Exercise objective> The complete listing goes into the output exactly, without its pictures.

Records to use>
........

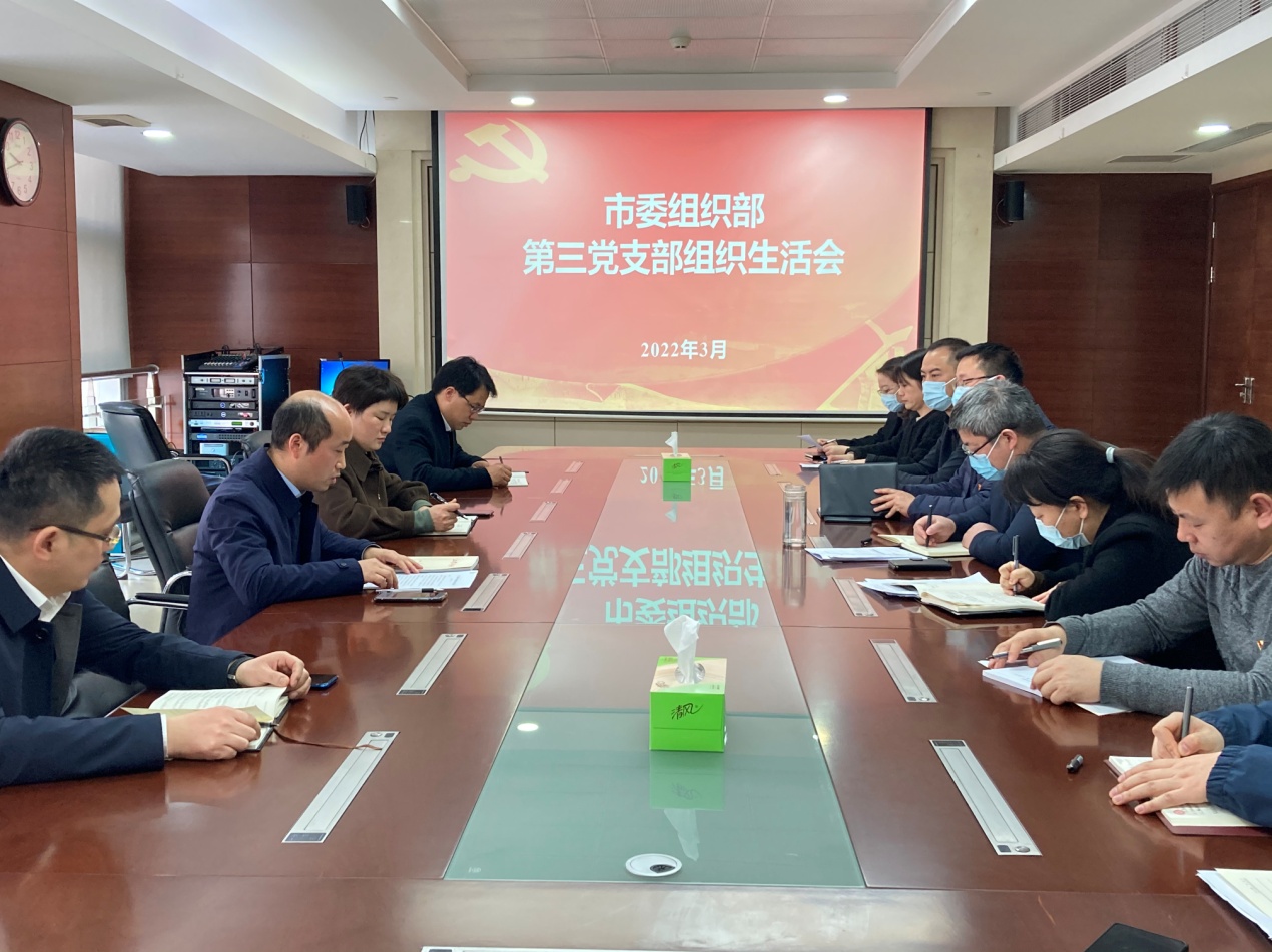 根据中央组织部关于召开2021年度基层党组织组织生活会和开展民主评议党员的通知要求,按照市委统一部署,市委组织部高度重视,统筹安排,精心组织5个党支部分别召开2021年度组织生活会,部务会成员严格执行领导干部的双重组织生活制度,以普通党员身份参加所在党支部组织生活会,与党员一起学习交流。
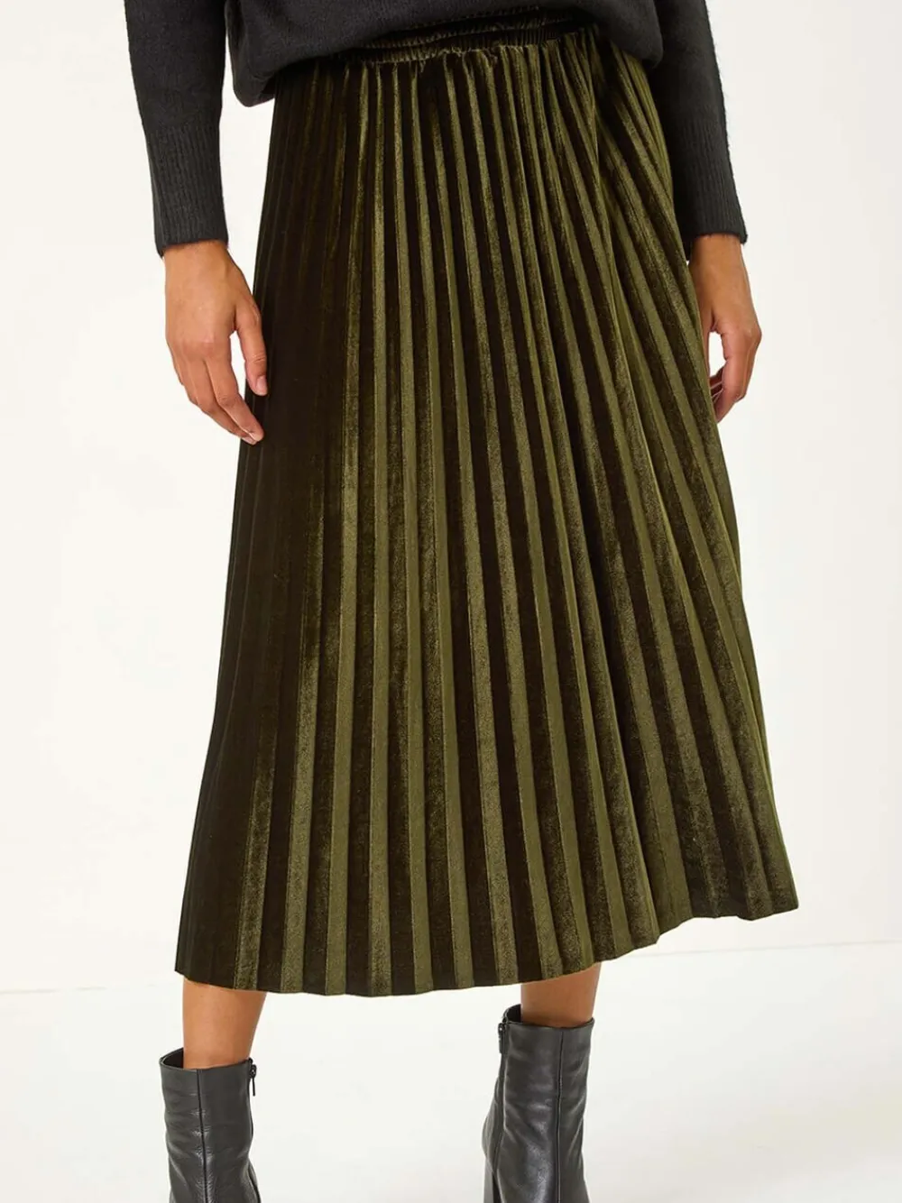 Make a statement in this luxurious velvet pleat skirt, a must have for the Autumn/Winter season. Crafted from sumptuous velvet fabric, this midi length skirt features an elasticated waistband for easy pull on styling. The pleated detail adds a touch of elegance to any outfit, perfect for both casual and dressy occasions. Pair with cosy knitwear and your favorite boots for a chic and stylish look that is sure to turn heads! Standaard van tailleband tot zoom 31″ / 79 cm. Machinewasbaar. 100% polyester.
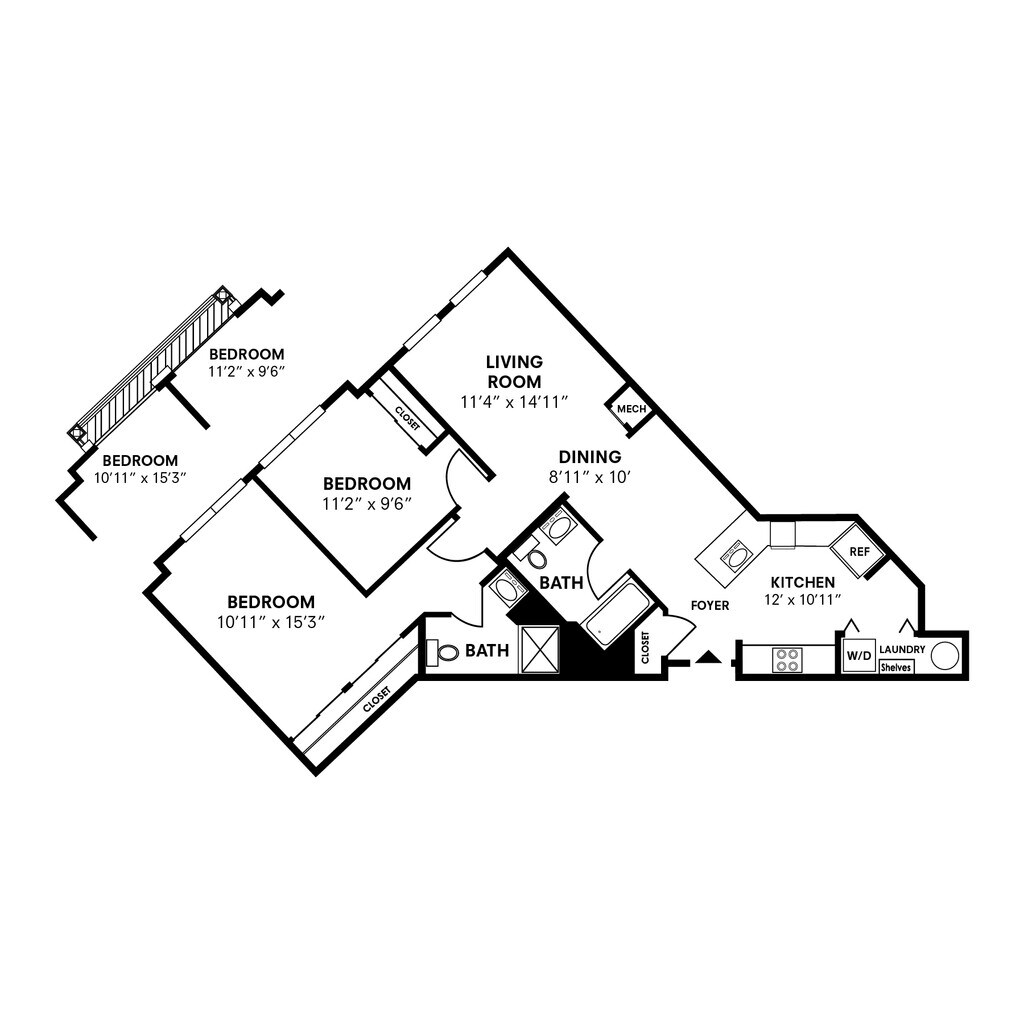 Apartment Model: Two Bedroom 2 Bath- 991 sqftFrom $3,1302 Bedroom, 2 Bath, 991 sq ftAvailable Now![]()
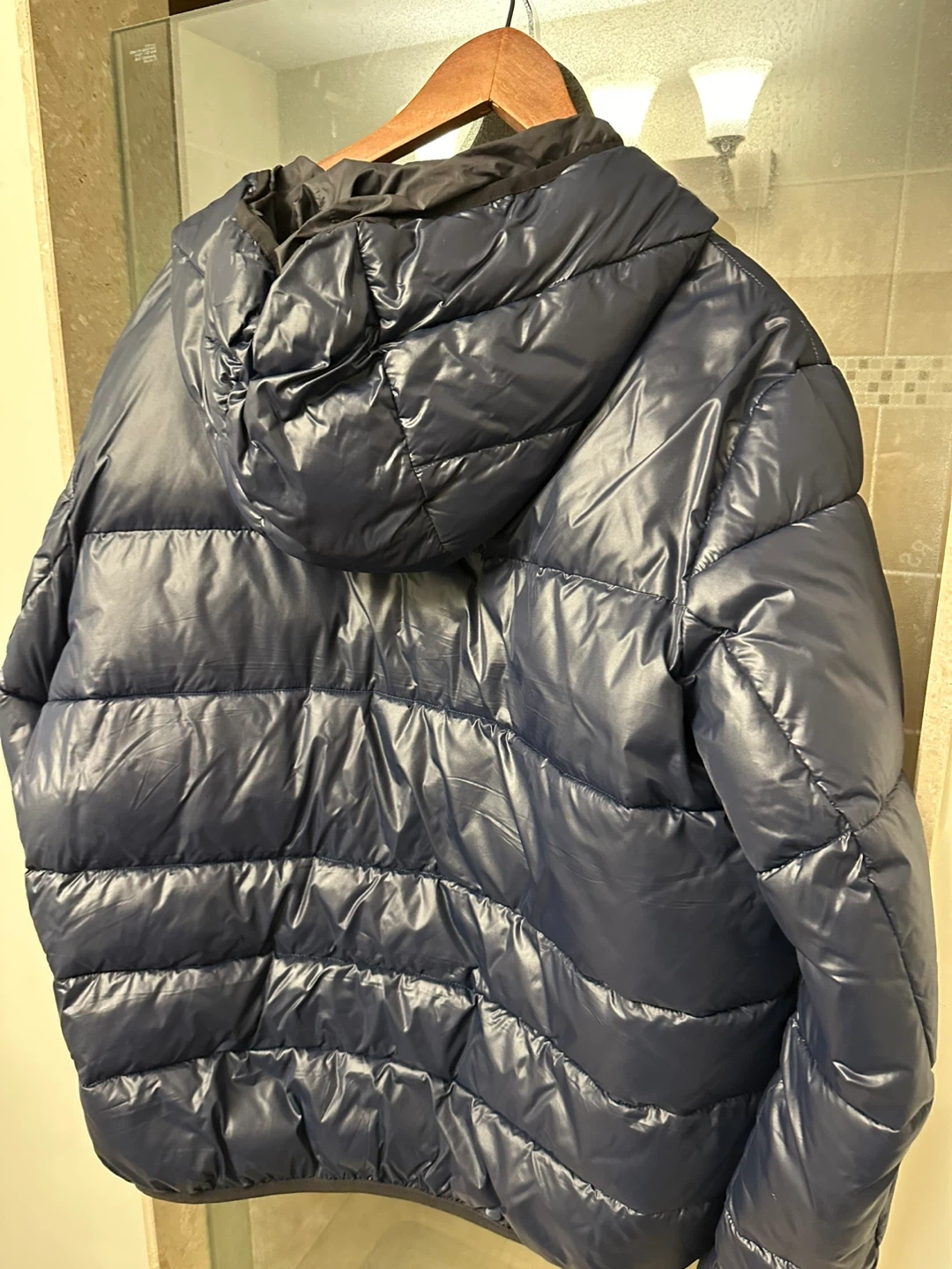 This DKNY puffer jacket comes in a shiny navy blue colour. It features a hood and a full zip-up front. The jacket is size XL.
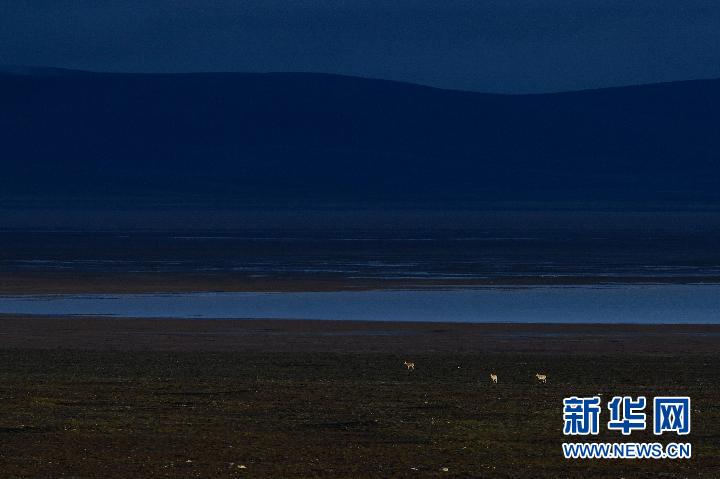 暮色漸濃,可可西里腹地的卓乃湖,空氣中透著寒意。一群群藏羚羊向湖畔山坳進發(fā),躲避寒風。
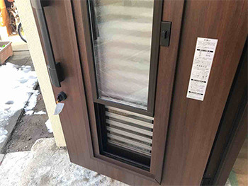 新しい玄関ドアの小扉を先に取り付けます。

........

Solution for this exercise>
 根据中央组织部关于召开2021年度基层党组织组织生活会和开展民主评议党员的通知要求,按照市委统一部署,市委组织部高度重视,统筹安排,精心组织5个党支部分别召开2021年度组织生活会,部务会成员严格执行领导干部的双重组织生活制度,以普通党员身份参加所在党支部组织生活会,与党员一起学习交流。
 Make a statement in this luxurious velvet pleat skirt, a must have for the Autumn/Winter season. Crafted from sumptuous velvet fabric, this midi length skirt features an elasticated waistband for easy pull on styling. The pleated detail adds a touch of elegance to any outfit, perfect for both casual and dressy occasions. Pair with cosy knitwear and your favorite boots for a chic and stylish look that is sure to turn heads! Standaard van tailleband tot zoom 31″ / 79 cm. Machinewasbaar. 100% polyester.
 Apartment Model: Two Bedroom 2 Bath- 991 sqftFrom $3,1302 Bedroom, 2 Bath, 991 sq ftAvailable Now![]()
 This DKNY puffer jacket comes in a shiny navy blue colour. It features a hood and a full zip-up front. The jacket is size XL.
 暮色漸濃,可可西里腹地的卓乃湖,空氣中透著寒意。一群群藏羚羊向湖畔山坳進發(fā),躲避寒風。
 新しい玄関ドアの小扉を先に取り付けます。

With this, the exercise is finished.